Throughout the study, we found strong
effects of the nutrient disturbances on the dynamics of ecosystem
metabolism, which varied among treatment combinations of the foundation
species. In both periods of disturbance (i.e. Figure 4, Phase 1 and 3),
the dynamics of ecosystem metabolism such strong evidence of
non-additivity, whereas in the intervening period (Figure 4, Phase 2)
the differences among treatments were more subtle, and the overall
patterns were driven by seasonality. For example, all metabolic rates
increased over the spring until the middle of June, and then decreased
until the final nutrient addition at the beginning of Phase 3 in
October. Moreover, in the MD treatment the CV of GPP was often higher
than the other treatments during the period when seasonality and weather
events likely dominated the dynamics. CV is a commonly used metric for
early warning sign for shifts in ecosystem state (just like AC, GEV, and
skewness - see supplement), and the increase towards the end of Phase 2
hints that the ecosystems might respond differently to the impending
pulse disturbance in Phase 3 (Figure 4). This suggests that high
frequency time series might provide insight into how ecosystems will
respond to disturbance. Following the final nutrient addition, all
ecosystems containing foundation species (D, M and MD) showed
significantly lower GPP and NEP, but higher R. This could be because
chlorophyll concentration in the control ponds without foundation
species continued to increase throughout the winter 2017/2018, whereas
DOM concentration in all other ponds decreased (Fig. 2). As a
consequence, higher productivity from phytoplankton in the control ponds
and higher respiration from DOM breakdown in all other ponds may be
responsible for the observed divergence in metabolic patterns towards
the end of the experiment.
Multiple lines of evidence suggest that non-additive interactions
between Myriophyllum and Dreissena strongly affected
ecosystem dynamics in ponds experiencing progressive nutrient
perturbations. This was especially visible in the phytoplankton
communities: the presence of both Myriophyllum andDreissena led to a higher algae biomass relative to control,
instead of a decrease when only one species was present in the ponds.

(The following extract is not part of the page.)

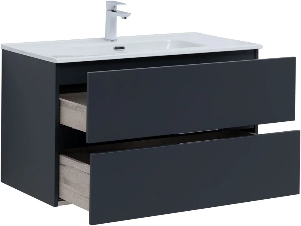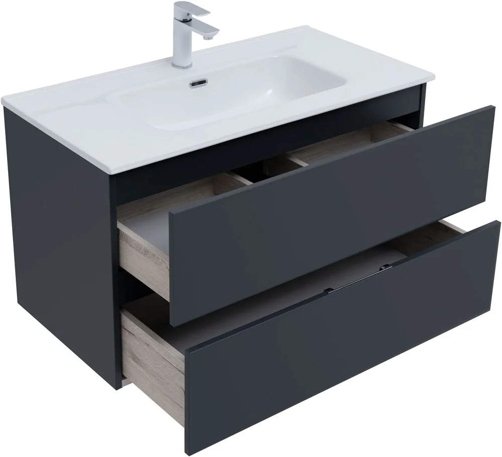 Тумба под раковину Aquanet Алвита New 90 2 ящика, антрацит 00303919

This demonstrates how a non-additive, antagonistic interaction between
two foundation species can have dramatic effects on the ecosystem, by
providing an opportunity for a third species, in this case
cyanobacteria, to dominate the community. Ecological synergies following
ecosystem perturbation are a known, but not well researched phenomenon
(Suttle et
al. 2007; Darling & Côté 2008; Thompson et al. 2018). In some
cases it may be difficult to uncover the effects that non-additive
species interactions have on ecosystems, particularly when they are only
expressed under disturbance conditions: in our experiment, the
phytoplankton biomass decreased again after we ceased the nutrient
additions. Nevertheless, the ecological mechanisms underlying these
effects might persist over time, even though the dynamics are not
evident during times of no disturbance (e.g. Phase 2). In our study,
even after perturbing the ecosystems a year later with a single strong
pulse of nutrients, the effect was stronger than during the first
addition, indicating that the non-additive effects of species
interactions can persist over time in a repeatable way.